Privacy
Last updated · June 12, 2026
The short version: privacy is the product. The wallet
keeps everything on your device, this website sets no cookies and runs
no analytics, and the identity service stores only what it publishes:
the name→key mapping you asked it to publish.
1. The wallet
- Your seed, keys, contacts, payment history, and settings are stored only on your device. They are never uploaded.
- Wallet network traffic — relay connections, name lookups, exchange rates — is routed through Tor. The services you reach see Tor exit traffic, not your IP address. Tor hides your IP from the relay; the relay and encryption handle the rest — content, sender, and timing.
- Payments travel as end-to-end encrypted nostr events. Relays see ciphertext and the recipient's ephemeral routing key — not the amount, the sender, or the message.
- The wallet contains no telemetry, analytics, or crash reporting.
2. This website
- Static pages, served by us. No cookies, no analytics, no trackers, no third-party embeds — fonts and images are served from this domain.

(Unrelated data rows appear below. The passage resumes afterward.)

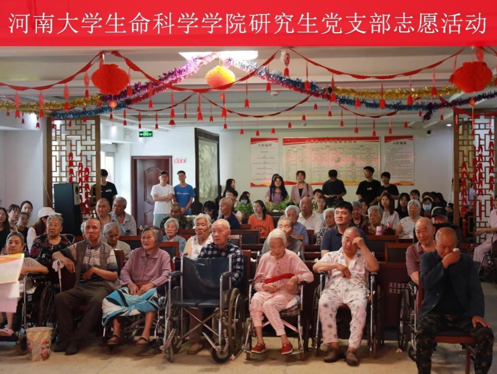 2021年6月21日下午,永利集团304am登录研究生第二党支部、第三党支部书记苗原、蔺玲玲,带领党员、积极分子共58人来到开封市五福爱心护理院,开展敬老爱老志愿活动,旨在向护理院的孤寡老人献出志愿者们的热情和祝福,在夏日炎炎的夏天为他们送去一份关爱与欢乐。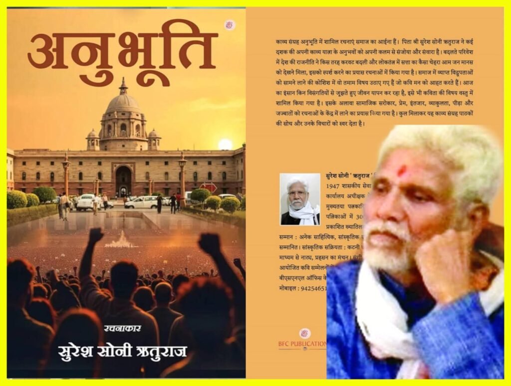 “काव्य संग्रह अनुभूति में शामिल रचनाएं समाज का आईना हैं। वरिष्ठ पत्रकार और कवि सुरेश सोनी ऋतुराज ने कई दशक की अपनी काव्य यात्रा के अनुभवों को अपनी कलम से संजोया और संवारा है। बदलते परिवेश में देश की राजनीति ने किस तरह करवट बदली और लोकतंत्र में सत्ता का कैसा चेहरा आम जन मानस को देखने मिला, इसको स्पर्श करने का प्रयास रचनाओं में किया गया है। समाज में व्याप्त विद्रूपताओं को सामने लाने की कोशिश में वो तमाम विषय उठाए गए हैं जो कवि मन को आहत करते हैं। आज का इंसान किन विसंगतियों से जूझते हुए जीवन यापन कर रहा है, इसे भी कविता की विषय वस्तु में शामिल किया गया है। इसके अलावा सामाजिक सरोकार, प्रेम, इंतजार, व्याकुलता, पीड़ा और जज्बातों को रचनाओं के केंद्र में लाने का प्रयास किया गया है। कुल मिलाकर यह काव्य संग्रह पाठकों की सोच और उनके विचारों को स्वर देता है।
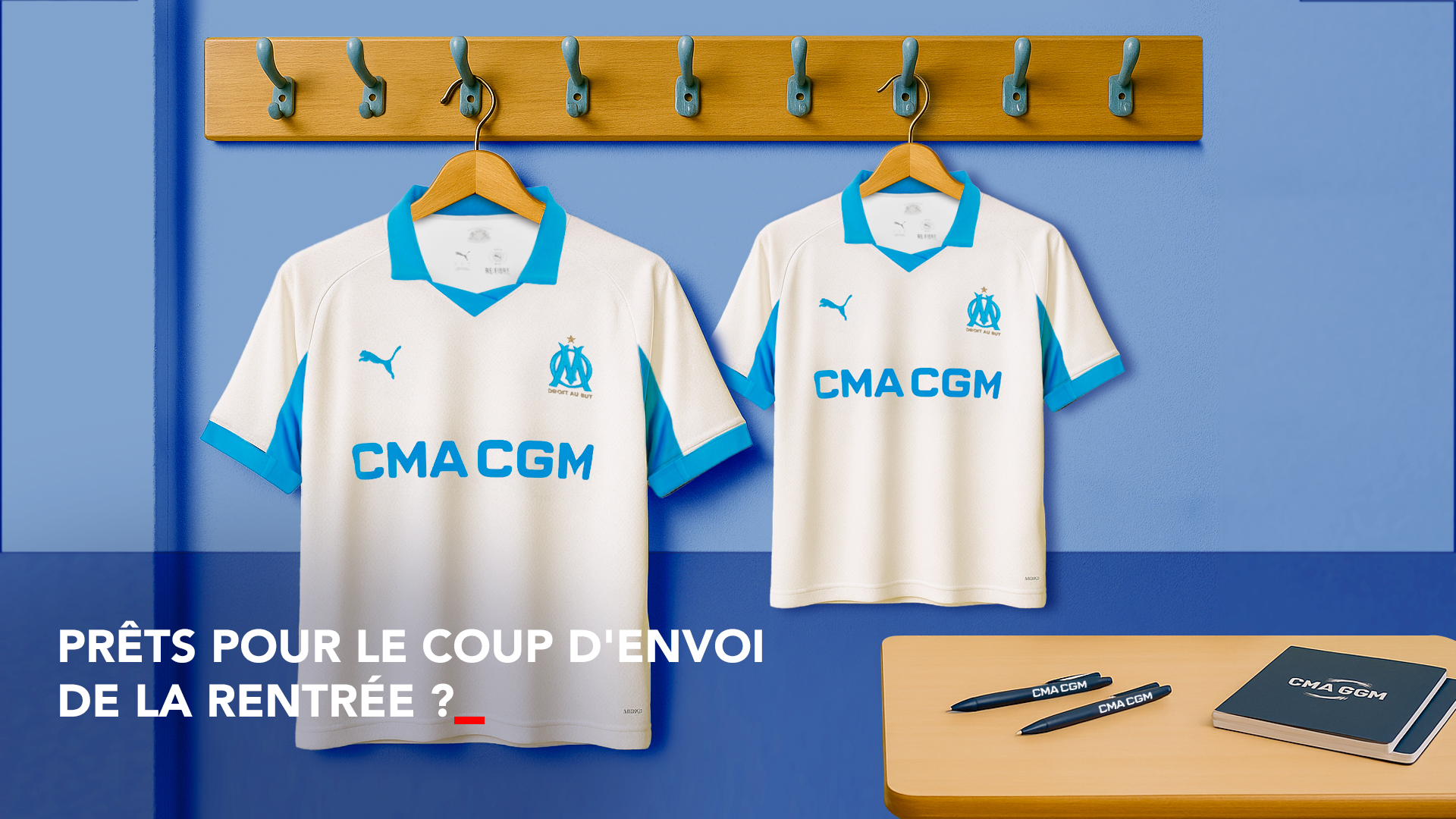 Jeu CMA CGM n°436420 pour gagner 5 lot composés de 2 maillots de foot OM adulte et enfant + des goodies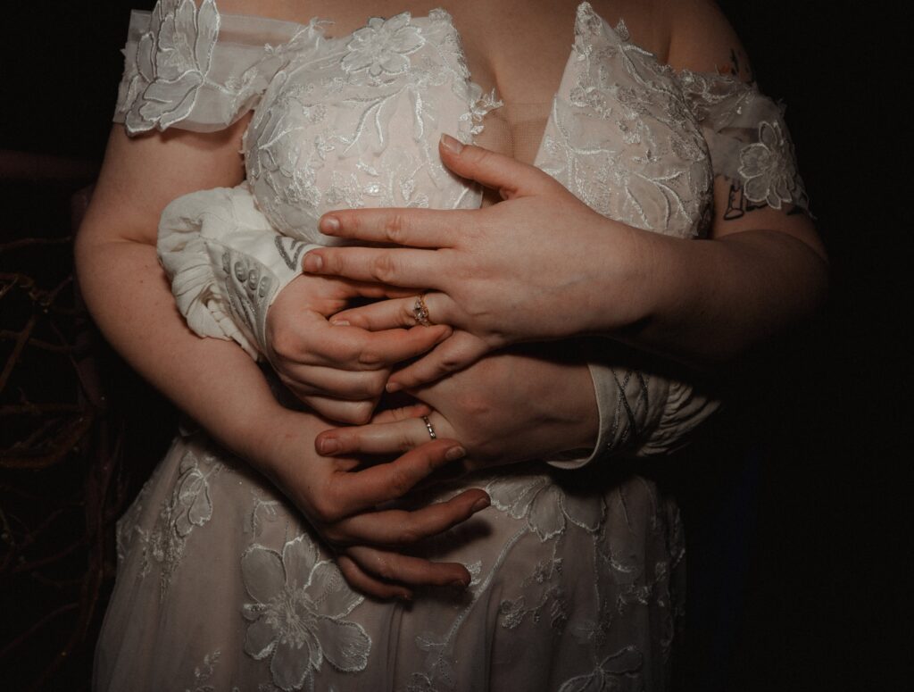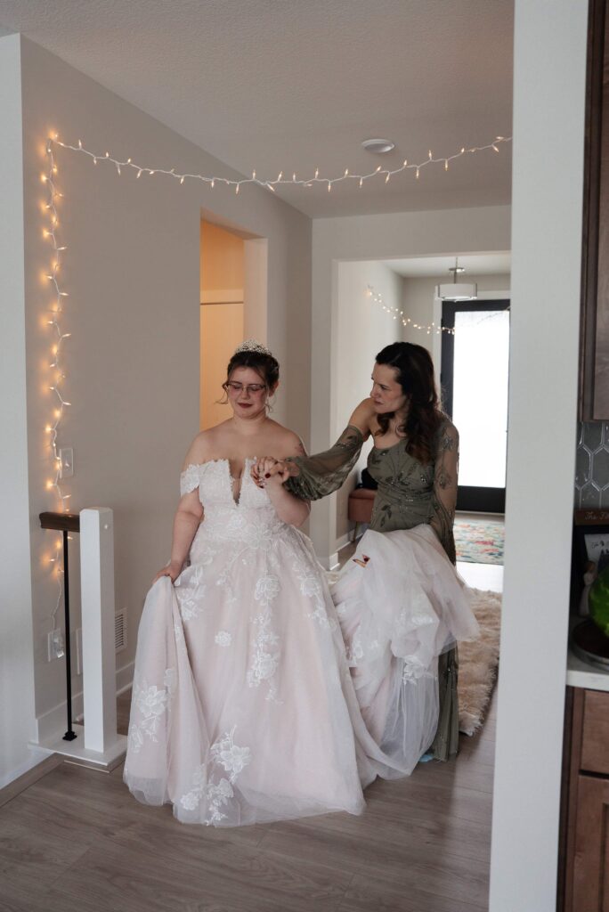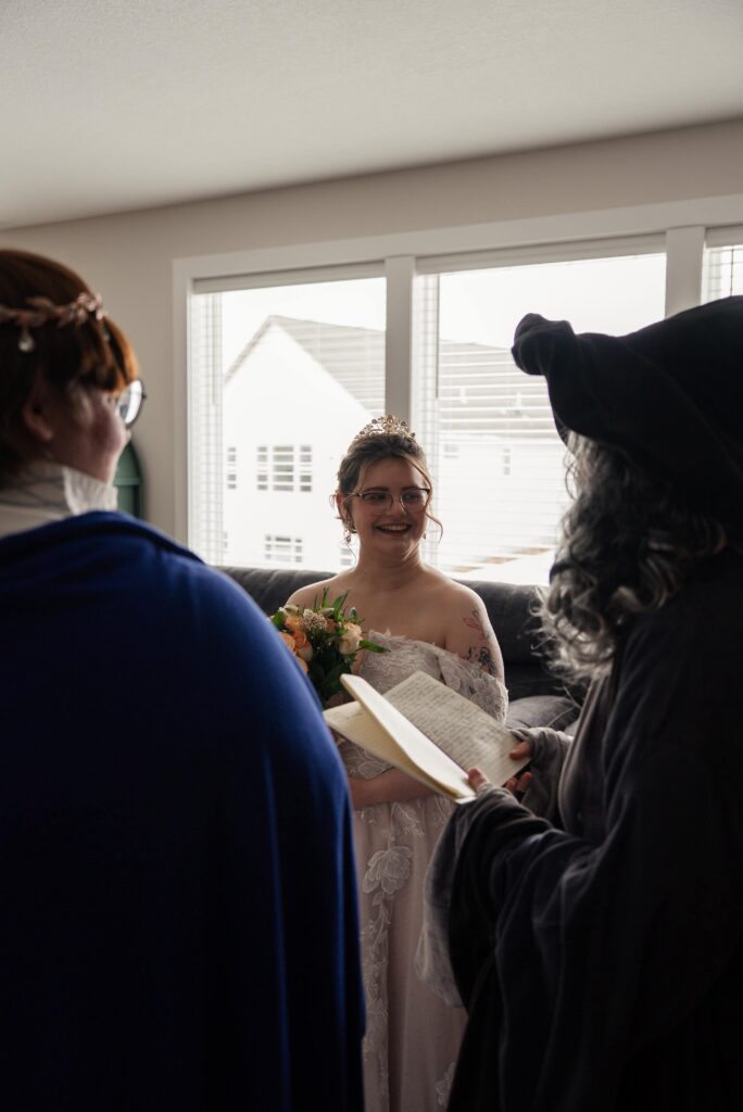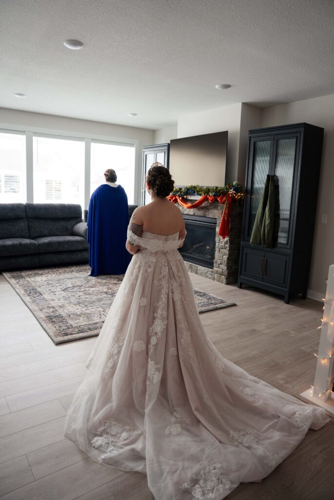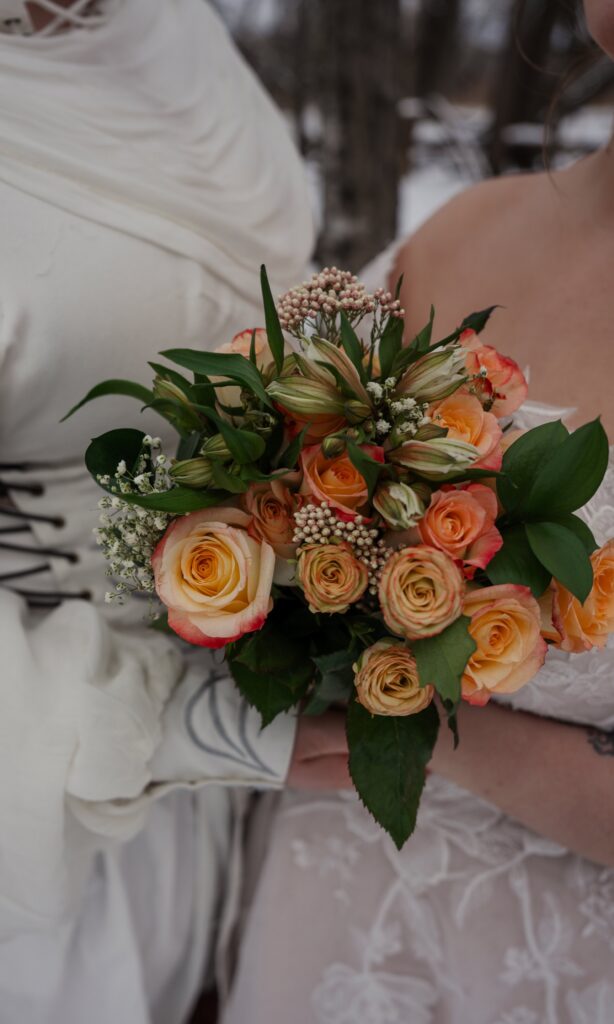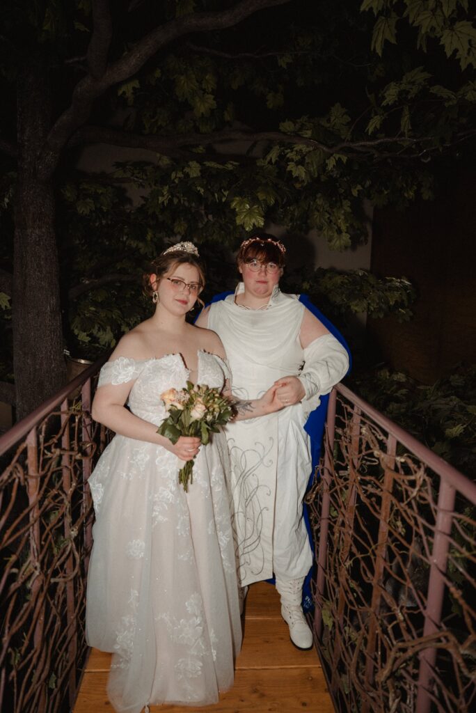 Aubrey (she/they) and Charlie (they/them) held their queer micro-wedding at a family property in Blaine, Minnesota this winter. I immediately felt a connection with these two Capricorns on our consult call, but was even more excited to work together when they told me that the theme of their day was fantasy. It makes me so happy when couples center their day around the things they love, and as a massive LOTR fan, I was so excited to see everyone (guests included!) commit to delivering all the Ren-Faire vibes.

- Our web server keeps standard, short-lived access logs (IP address, request path, user agent) for security and abuse prevention.
3. The identity service (goblin.st)
- If you claim a handle, we store the data the service exists to publish: your chosen name, your nostr public key, and — if you upload one — your avatar image. This mapping is public by design (that's what NIP-05 is).
- Registration and release requests are authenticated by signature (NIP-98); we never see a private key.
- Rate-limiting uses connection IP addresses transiently. Since the wallet talks to goblin.st over Tor, we typically see a Tor exit address, not yours.
- Release your name and it leaves public resolution immediately and becomes available for anyone to register.
4. The relay
The project's public nostr relay stores the encrypted events it relays (that's its job) within its retention and size limits. Event contents are ciphertext we cannot read.
5. What we don't do
- No selling, sharing, or monetizing of any data.
- No advertising, profiling, or cross-site tracking.
- No accounts, emails, or phone numbers — there is nothing to leak.
6. Your choices
Use the wallet without a handle and the identity service learns nothing about you. Rotate your payment key at any time to unlink your history. Run your own node, relay, or name service — the software lets you point at them.
7. Contact
Privacy questions: open an issue on GitHub.